Sentí el peso de su mirada. De repente, la corbata me apretaba
demasiado y me la aflojé.
—¿Qué? —pregunté, enfadado.
—¿Has salido con alguien desde lo de Allison?
Fantástico. Atrapado en el coche y sin manera de esquivar la pregunta.
No tenía ganas de hablar de mi vida amorosa con Charlotte Darling.
—No es asunto tuyo.
La verdad es que había tenido algunas historias sin demasiada
importancia, pero nada como la relación que tuve con Allison.
—Bueno, parece que mis asuntos sí te conciernen, así que deberías
pensártelo dos veces antes de aconsejarme con quién debo salir o no. —
Suspiró—. Además, lo de «cita a ciegas» solo era un código.
—¿Un código? ¿Para qué?
—No quería que nadie viese que he quedado con Max. Y antes de que
digas nada sobre la política de la empresa, deja que te recuerde que sé
perfectamente que no hay ninguna norma que prohíba las relaciones entre
empleados.
«¿Cómo? ¿Max?».
La adrenalina corría por mis venas. El coche se detuvo bruscamente
cuando pisé el freno en mitad del tráfico de Manhattan. Dos peatones se
apartaron, lo cual fue una suerte, porque casi los atropello.
—¿Qué? —espeté, aunque estaba seguro de que la había oído
perfectamente.
Detrás de nosotros, las bocinas iniciaron un concierto infernal, pero me
daba igual.
Repitió:
—Max y yo hemos quedado mañana por la noche. Y más vale que
pongas en marcha el coche o tendremos otro disgusto.
Tenía razón. Busqué un lugar donde aparcar. Me detuve frente a Dean &
Deluca y puse el intermitente.
Nos quedamos callados unos instantes. Entonces, me volví hacia ella y
la miré a los ojos.
—No vas a salir con Max, Charlotte.
—¿Por qué no? Es…
—Charlotte… —advertí. Me ardían las orejas, como si alguien me
hubiera prendido fuego en la cabeza.
—¿Sí? —respondió, sonriente.
Mi furia parecía divertirla. Estaba divertida.

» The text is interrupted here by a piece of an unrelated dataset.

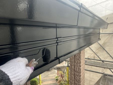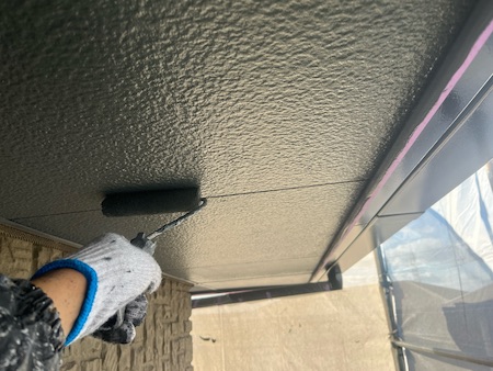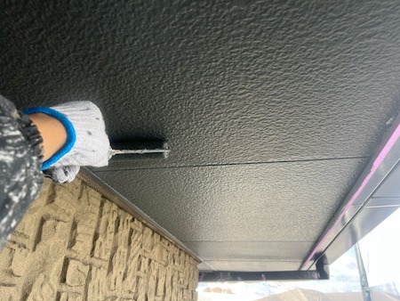 軒天の塗料は、艶消しタイプなので、仕上がりが落ち着いた印象になります。

—No. Vas. A. Salir. Con. Max.
Una bestia celosa e iracunda se abrió paso por mi cuerpo. No tenía la
menor forma de justificar mis palabras. No podía darle una razón que
explicara que no debía salir con mi hermano, porque ni siquiera yo entendía
el motivo de mi rabia. Solo sabía que no soportaba la idea de Charlotte y
Max juntos. Esperé a que Charlotte reaccionara. Imaginaba una reacción
temperamental que daría comienzo a una gran discusión en la que ella me
diría, con toda la razón del mundo, que no tenía derecho a dictar con quién
salía. Por eso me sorprendió cuando dijo:
—Te propongo una cosa. Anularé mi cita con Max, pero con una
condición.
Mi pulso empezó a calmarse.
—¿Cuál?
«Haré lo que sea».
—Mañana es la última audición del Tabernáculo de Brooklyn. Anularé
mi cita con Max si te presentas a las pruebas para entrar en el coro.

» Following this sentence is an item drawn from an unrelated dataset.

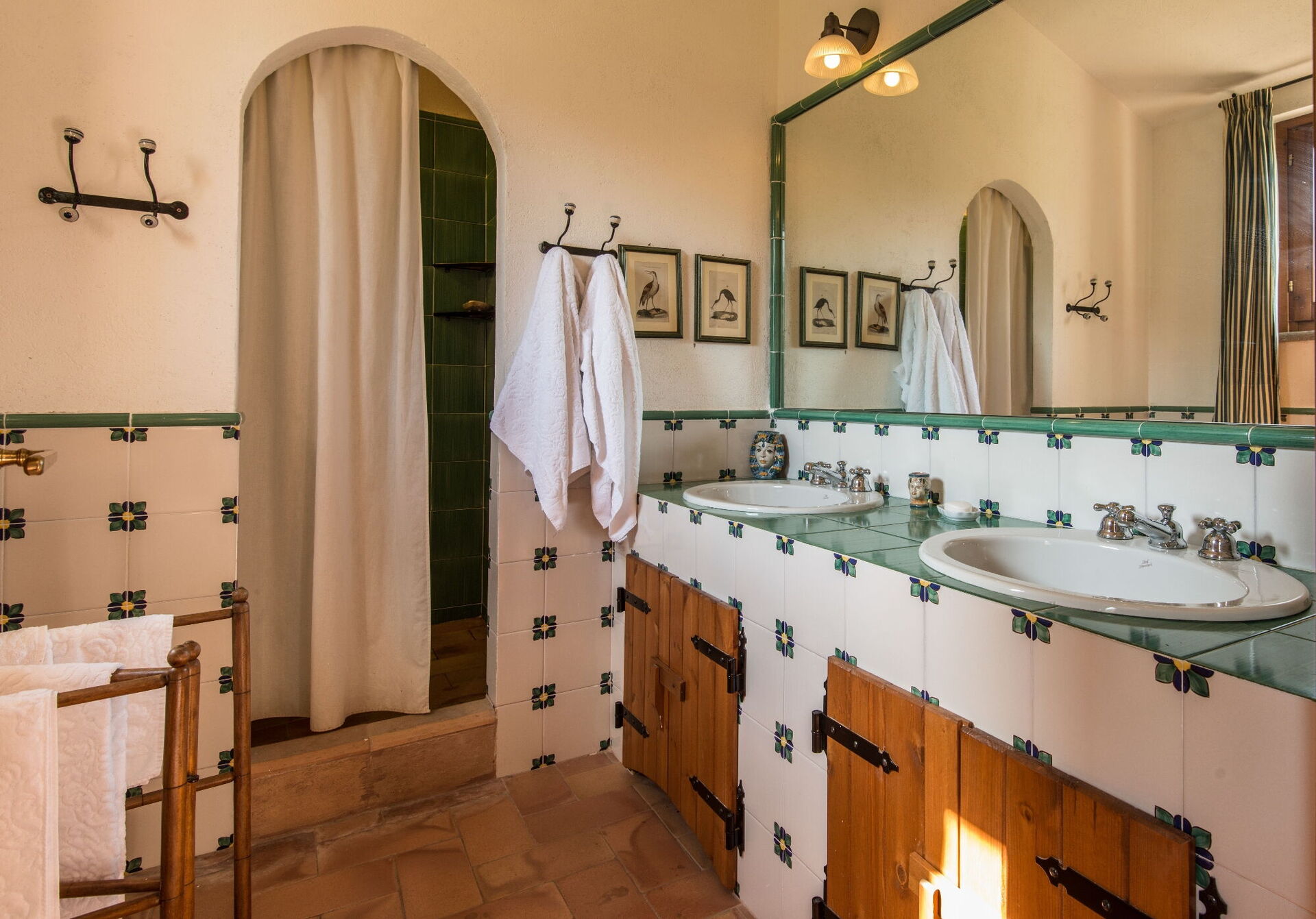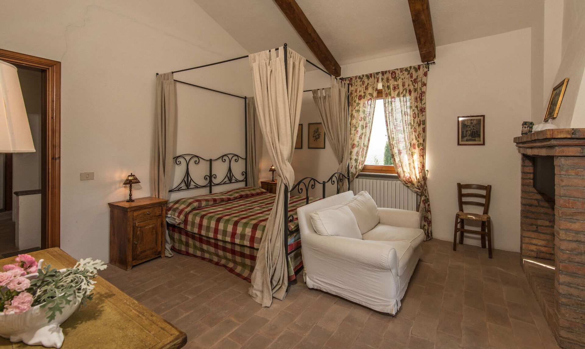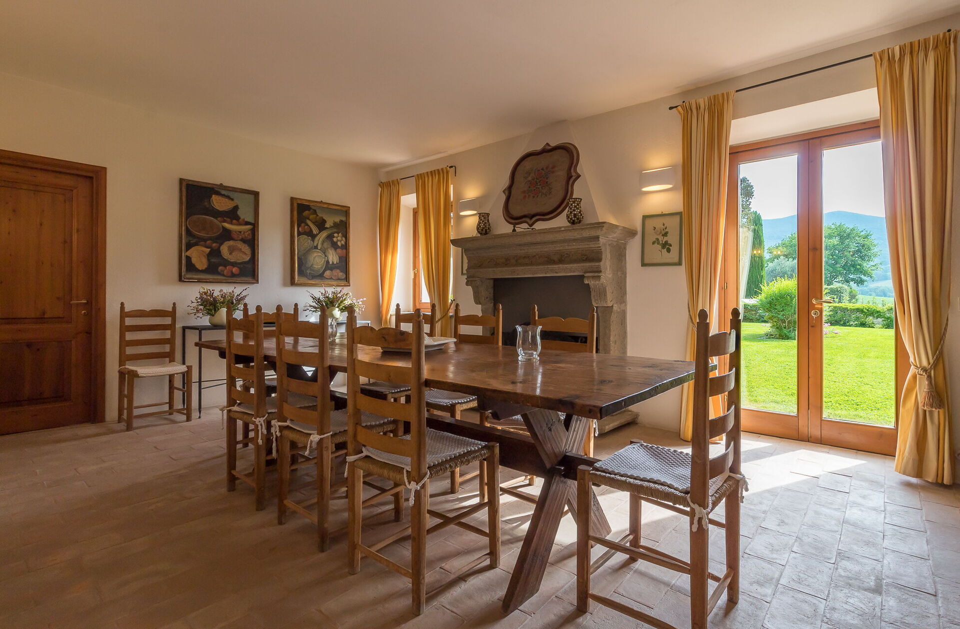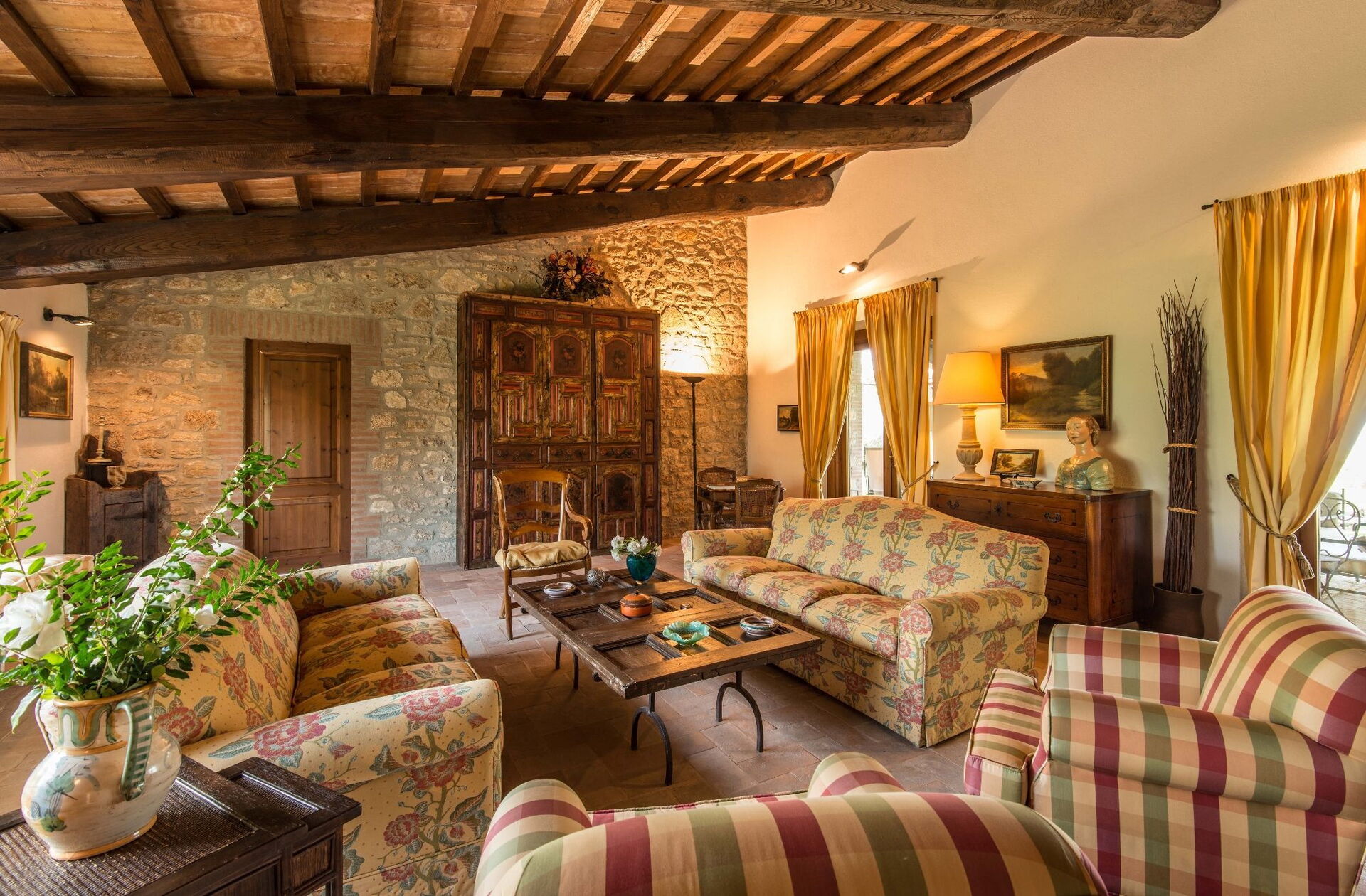 Sie finden diese weitläufige Ferienunterkunft durchdacht gestaltet, um bis zu 14 Gäste in 7 Schlafzimmern und 7 Badezimmern unterzubringen, verteilt auf das Haupthaus und ein Nebengebäude. Das Haupthaus verfügt über einen Eingang im Erdgeschoss, der Sie in ein erstes Wohnzimmer führt, das mit einem bequemen Chesterfield-Sofa und ein paar Sesseln ausgestattet ist und Sitzgelegenheiten für bis zu 7 Personen bietet. Angrenzend an diesen Bereich entdecken Sie ein großes Wohnzimmer mit funktionierendem Kamin und bequemen Sofas und Sesseln, die bis zu 10 oder 12 Personen Platz bieten, mit Flügeltüren, die zur überdachten Loggia führen, wo Sie entspannen und die Aussicht genießen können. Neben dem Wohnzimmer befindet sich ein großes Esszimmer mit funktionierendem Kamin, das bis zu 14 Personen Platz bietet. Das Erdgeschoss umfasst auch eine große Küche mit separatem Essbereich, funktionierendem Kamin und einem Tisch für 8 Personen, mit Flügeltüren, die zu einer Essterrasse und einem zweiten Wohnbereich im Freien führen. Ein Gästebad dient dieser Ebene. Das Erdgeschoss wird durch ein klimatisiertes Doppelzimmer mit Kingsize-Bett, separatem Wohnzimmer und begehbarem Kleiderschrank vervollständigt, begleitet von einem eigenen Badezimmer mit Badewanne mit Handbrause und separater Dusche. Die erste Etage bietet Schlafmöglichkeiten für bis zu 8 Personen und herrliche Ausblicke über die sanften Hügel und die Landschaft. Sie finden ein Hauptschlafzimmer mit Kingsize-Bett, funktionierendem Kamin und begehbarem Kleiderschrank, mit eigenem Badezimmer mit Dusche und Doppelwaschbecken. Drei weitere Schlafzimmer auf dieser Etage bieten flexible Schlafmöglichkeiten mit Einzelbetten, die zu Doppelbetten zusammengestellt werden können. Eines dieser Schlafzimmer verfügt über einen begehbaren Kleiderschrank, und ihre eigenen Badezimmer sind entweder mit Duschen oder einer Badewanne mit Handbrause ausgestattet. Das Nebengebäude, gegen Aufpreis verfügbar, bietet 2 zusätzliche klimatisierte Schlafzimmer. Ein Zweibett- oder Doppelzimmer mit Einzelbetten, die zusammengestellt werden können, hat Flügeltüren, die zum Garten führen, und ein eigenes Badezimmer mit Dusche. Ein Doppelzimmer mit Queensize-Bett hat eine Tür, die zum Garten führt, und ein eigenes Badezimmer mit Dusche.

«Joder. La Barbie rubia me estaba chantajeando. Increíble».
—¿Me estás sobornando?
—Bueno, un soborno tiene más sentido que este comportamiento
absurdo de macho alfa que acabas de marcarte sin la menor explicación,
¿no te parece?
No iba a permitir que saliera con mi hermano sin mover un dedo, así
que le di la única respuesta que podía ofrecerle.
—De acuerdo.
—¿De acuerdo, te has comportado como un macho alfa? ¿O de acuerdo,
aceptas mi propuesta?
—De acuerdo, acepto tu propuesta. Me presentaré a las pruebas, pero
iré solo.
Charlotte parecía complacida.
—Perfecto.
—Genial.
Arranqué el coche y me incorporé al tráfico para regresar a la oficina.
Una sonrisa lenta y satisfecha se pintó en su cara mientras se recostaba en el
asiento antes de cerrar los ojos.
¿Cómo narices habíamos pasado de hablar de Dorothy y su nieto a su
cita con Max y a que yo aceptara presentarme a las pruebas para entrar en el
coro? No tenía ni idea, pero era típico de Charlotte. Era insistente, pesada,
lista…, pero preciosa y deslumbrante. Era guapísima, joder. Preciosa y
estaría a mil kilómetros de distancia de mi hermano, si de mí dependía.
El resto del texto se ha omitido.